The National Cyber Security Centre and the Information Commissioner’s Office have been informed, and an inquiry into whether the vulnerability was exploited while it was operational is currently underway. For a UK government body, Andy King’s public apology on March 16 was quite straightforward. It acknowledged that the incident had caused worry and annoyance and explicitly acknowledged that the system’s updating was partially to blame.
Reading the technical analysis released by independent security researchers in the days following the disclosure gives the impression that the Companies House incident is the type of vulnerability that arises when government digital systems are updated more quickly than the security review procedures that ought to go along with them.

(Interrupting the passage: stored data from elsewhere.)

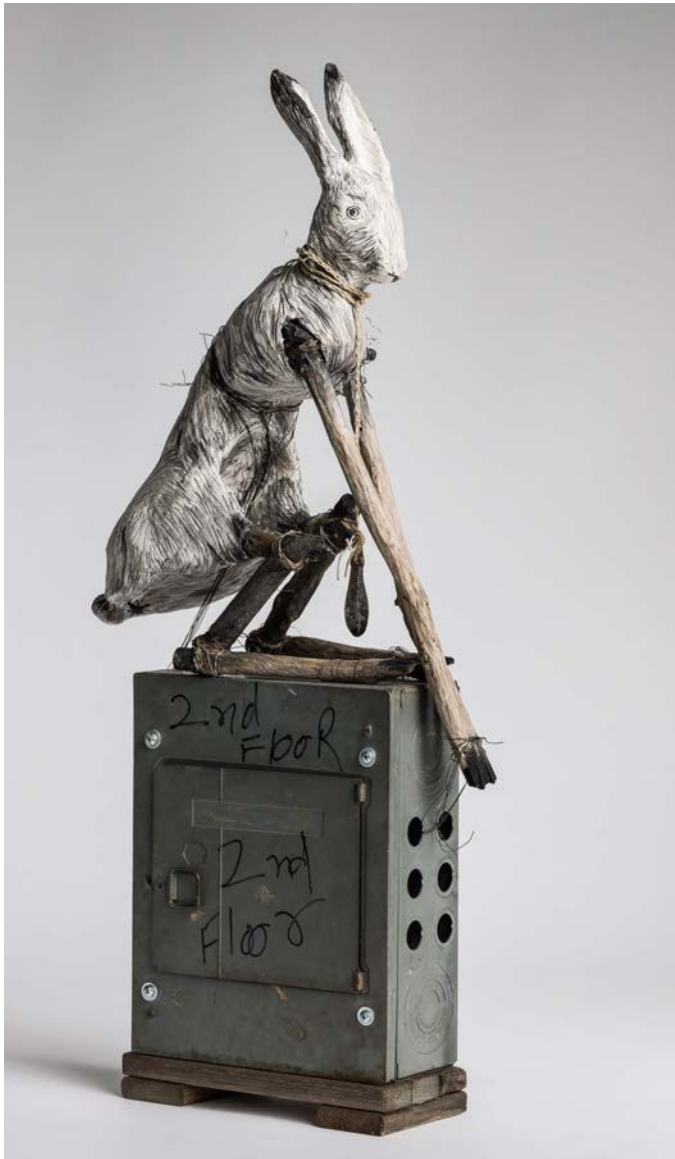
Federal Pacific, 2018, wood, wire, mesh, plaster wrap, Paperclay, watercolor, lead sinker, electrical panel box, H30" x W5" x D14"
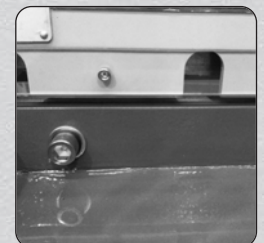
• Perspex Safety Guard
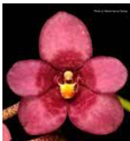
Sarco. Kulnura Symphony 'Grass Valley'

( Sarco. Elegance x Sarco. Bunyip ) AM 80
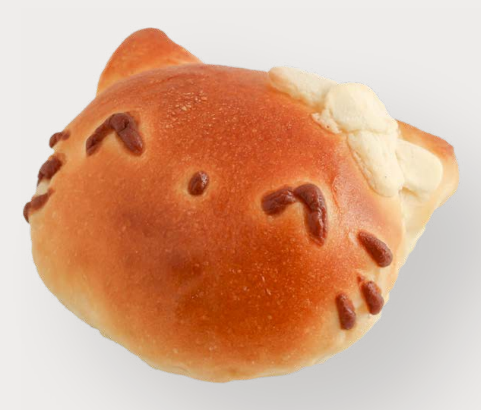
Kitty Nutella Sweet dough with Nutella filling Egg | Milk | Gluten Hazelnut | Soya
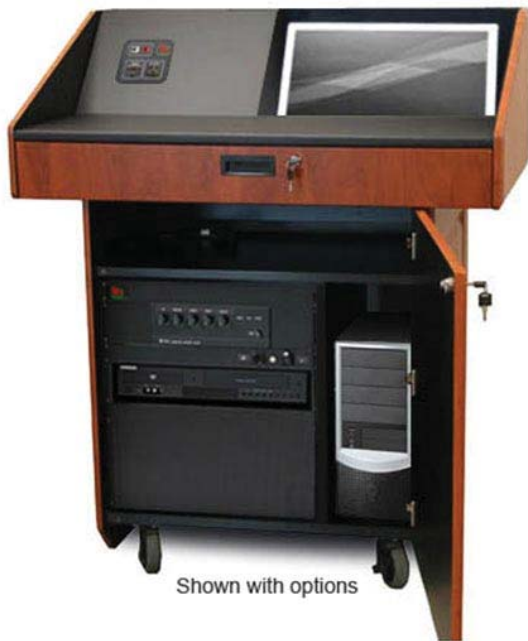
Shown with options

AVF's roll-about multimedia podiums are the ideal solution for distance education, electronic classrooms and corporate training sites. Extra charge for custom cutouts for electronics or other items specified by the customer.

The October 2025 update was a component of the larger changes brought about by the Economic Crime and Corporate Transparency Act 2023, a piece of legislation created especially to improve the integrity of the UK’s company registry and prevent the misuse of shell corporations. No one in the regulatory world has overlooked the irony of an anti-financial-crime legislation unintentionally leading to one of the biggest UK government data exposes in recent memory. Passwords were kept private. Documents used for identity verification were kept private.
Documents that were filed were not changed. These are significant and actual limitations. However, the fact that a system utilized by five million businesses was vulnerable for five months, that an external researcher found it instead of internal monitoring, and that the disclosure necessitated a third party going public on social media before the agency took action all point to a problem that goes beyond a single bug. The solution has been implemented. It will take longer for any government agency preparing similar reforms to learn the lessons.